Record set:

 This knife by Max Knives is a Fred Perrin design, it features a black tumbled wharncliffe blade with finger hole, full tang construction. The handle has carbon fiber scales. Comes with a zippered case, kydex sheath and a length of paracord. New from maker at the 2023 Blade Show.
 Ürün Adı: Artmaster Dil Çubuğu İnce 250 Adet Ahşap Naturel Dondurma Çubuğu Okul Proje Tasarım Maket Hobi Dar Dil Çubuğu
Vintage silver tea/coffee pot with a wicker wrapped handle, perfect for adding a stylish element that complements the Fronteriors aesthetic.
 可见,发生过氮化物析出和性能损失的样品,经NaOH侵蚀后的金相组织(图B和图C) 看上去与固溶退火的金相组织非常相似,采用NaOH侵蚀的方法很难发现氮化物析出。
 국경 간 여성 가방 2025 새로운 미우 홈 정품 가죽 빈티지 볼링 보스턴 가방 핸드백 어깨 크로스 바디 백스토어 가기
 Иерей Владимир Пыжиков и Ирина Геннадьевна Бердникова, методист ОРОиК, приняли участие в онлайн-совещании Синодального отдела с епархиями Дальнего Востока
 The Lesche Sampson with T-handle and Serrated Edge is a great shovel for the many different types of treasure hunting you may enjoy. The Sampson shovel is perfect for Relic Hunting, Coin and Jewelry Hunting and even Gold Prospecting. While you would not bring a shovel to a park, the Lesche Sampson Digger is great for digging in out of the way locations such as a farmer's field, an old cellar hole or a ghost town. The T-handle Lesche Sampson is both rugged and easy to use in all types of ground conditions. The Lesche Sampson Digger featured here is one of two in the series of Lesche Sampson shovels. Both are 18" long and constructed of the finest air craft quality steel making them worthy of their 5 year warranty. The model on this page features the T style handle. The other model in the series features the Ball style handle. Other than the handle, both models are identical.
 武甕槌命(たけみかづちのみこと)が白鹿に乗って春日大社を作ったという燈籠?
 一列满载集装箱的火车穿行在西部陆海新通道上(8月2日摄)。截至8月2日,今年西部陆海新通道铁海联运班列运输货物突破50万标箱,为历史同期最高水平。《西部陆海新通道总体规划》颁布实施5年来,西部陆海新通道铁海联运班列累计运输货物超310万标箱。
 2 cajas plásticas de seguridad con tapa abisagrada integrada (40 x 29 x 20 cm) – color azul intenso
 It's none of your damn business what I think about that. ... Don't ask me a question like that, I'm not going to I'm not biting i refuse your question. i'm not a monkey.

Exercise directions: Word for word, restate the lines of the listing above starting at the line with "可见,发生过氮化物析出和性能" and ending at the line with "Иерей Владимир Пыжиков", and nothing outside them.

Final answer:
 可见,发生过氮化物析出和性能损失的样品,经NaOH侵蚀后的金相组织(图B和图C) 看上去与固溶退火的金相组织非常相似,采用NaOH侵蚀的方法很难发现氮化物析出。
 국경 간 여성 가방 2025 새로운 미우 홈 정품 가죽 빈티지 볼링 보스턴 가방 핸드백 어깨 크로스 바디 백스토어 가기
 Иерей Владимир Пыжиков и Ирина Геннадьевна Бердникова, методист ОРОиК, приняли участие в онлайн-совещании Синодального отдела с епархиями Дальнего Востока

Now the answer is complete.